7.3. Succès écologique des organismes asexués

Chez les organismes asexués, les processus épigénétiques représentent une stratégie alternative permettant la production de différents phénotypes en absence de différence génétique entre les individus. Ces processus sont d’autant plus importants dans la mesure où ils peuvent sous-tendre à des stratégies écologiques (la plasticité phénotypique ou le bet-hedging) permettant aux organismes asexués de faire face à différents types de fluctuations environnementales (prévisibilité et imprévisibilité des changements, respectivement), mais également en présentant un intérêt évolutif majeur qui est de permettre l’acclimatation et faciliter l’adaptation des organismes dans certaines conditions environnementales. Toutefois, les processus épigénétiques à eux seuls ne suffissent pas à expliquer le succès écologique des organismes asexués.

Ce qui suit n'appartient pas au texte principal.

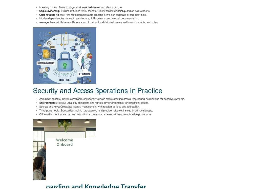 bgeetingqzrawl:Movetoasync-first,reœrdeddemos,andclearagendasbgeetingqzrawl:Movetoasync-first,reœrdeddemos,andclearagendas • Uagueownership:PublishRACIandteamcharters.Clarifyserviceownershipandon-callrotaóons. • Ouer-rotatingtoœst:Hirefórexœlleme;avoidcreatingatwo-tiercodebaseortedldebtsink. • Hiddendependencies:investinarchitecture,APIcontracts,andinternaldocumentation. • managerbandwidthiœues:ReducespanofcoritzølfordistributedteamsandInvestinenablementroles. • SecurityandAccessßperationsinPractice • ZerobzssŁposbsre: Devîœcomplîanœandidentityckecks befóregrantingaccess;time-boundpermissionsfórsensitivesystems. • EnvironmentstrategytLocaldevcontainersandremotedevenvironmentsforconsistentsetups. • Secretsandkeys:Centralizedsecretsmanagementwìthrotationpoliciesandauditability. • Third-partytools:Standardiætooling;pre-approveandprovisionJîœnsesinsteadofadhocsignups. • Offboarding:Automatedaccessrevocationacrosssystems; assetreturnorremotewipeprocedures.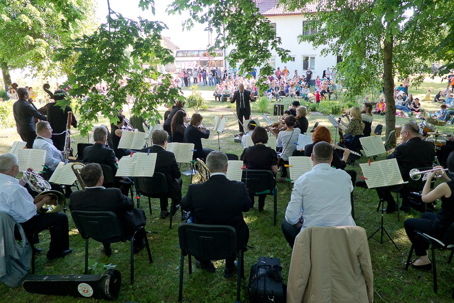 С точки зрения сложности трассы, второй день путешествия должен был получиться более трудным, чем первый. Больше расстояние (89 километров против 84) и сложнее путь (восточная часть области стоит на холмах). С пониманием этого, а также с твёрдой установкой успеть к 16:00 на концерт Калининградского симфонического оркестра в посёлке Краснолесье мы стартовали рано утром. Ещё и 9 часов не было. Погода оставалась на нашей стороне, сил по-прежнему было хоть отбавляй. По пути в Озёрск (54 километра) трижды останавливались — вешали на автобусных остановках полки, чтобы жители отдалённых мест могли обмениваться книгами, а те, кто едут мимо, оставляли свою литературу. Уличная книжная мебель теперь есть в поселениях Вишнёво и в Крылово Правдинского района, Мальцево — Озёрского. Жители населённых пунктов обещали за полками присматривать.

7.3.1. Importance de la diversité génétique

Malgré l’absence de différence génétique entre les individus, un point essentiel pour assurer le succès des organismes se reproduisant de manière asexuée est la diversité génétique. Un processus permettant une telle diversité chez certains organismes asexués est l’hybridation (section 1.5.3). Elle entraîne la formation d’un génome réunissant au sein d’un même individu des caractéristiques génétiques des deux parents provenant de populations différentes et donc d’une diversité génétique issue d’adaptations distinctes. L’état hétérozygote des gènes confère, en autre, aux hybrides la possibilité d’exprimer l’un et/ou l’autre des deux allèles pour s’acclimater à différentes conditions. Cela leur permet ainsi d’avoir un potentiel de variation au niveau phénotypique, ainsi que le potentiel de performer dans les mêmes niches écologiques que les espèces parentales ou de coloniser de nouvelles niches (Schultz 1971, Lynch 1984, Arnold et al. 1999). Chez les hybrides C. eos-noegaeus, ces conséquences reliées à leur état hétérozygote peuvent être entrevues au niveau de la variation phénotypique. Par exemple, la comparaison de la forme des arcs pharyngiens montre que les hybrides sont plus semblables à l’espèce paternelle C. eos (Figure 5.4, Chapitre 5). D’autre part, une étude comparant la taille des individus a révélé que dans certains lacs, les hybrides peuvent être plus semblables à l’espèce maternelle C. neogaeus (Mee 2014). Finalement, des caractères nouveaux peuvent également découler de l’hybridation, tels qu’observés au niveau des différentes formules dentaires (Figure 5.2, Chapitre 5) ou de la plasticité phénotypique, résultant en une plus grande sensibilité aux signaux environnementaux comparés aux espèces parentales (Chapitre 5).

La fréquence des hybridations peut également contribuer au succès de ces organismes asexués. À l’instar de la reproduction sexuée, les évènements d’hybridation permettent de produire des génotypes différents. Chaque génotype hybride présente ainsi des caractères qui lui sont propres et lui permettent d’exploiter des niches écologiques différentes, tel que stipulé dans le modèle FNV (Vrijenhoek 1984). Chez les hybrides C. eos-neogaeus, la diversité de génotypes que l’on retrouve a permis à ce biotype de présenter une grande répartition géographique (Vergilino, Leung & Angers 2016) selon leur capacité à coloniser et persister dans des habitats différents, en étant plastique ou en étant bet-hedger (Leung et al. 2016).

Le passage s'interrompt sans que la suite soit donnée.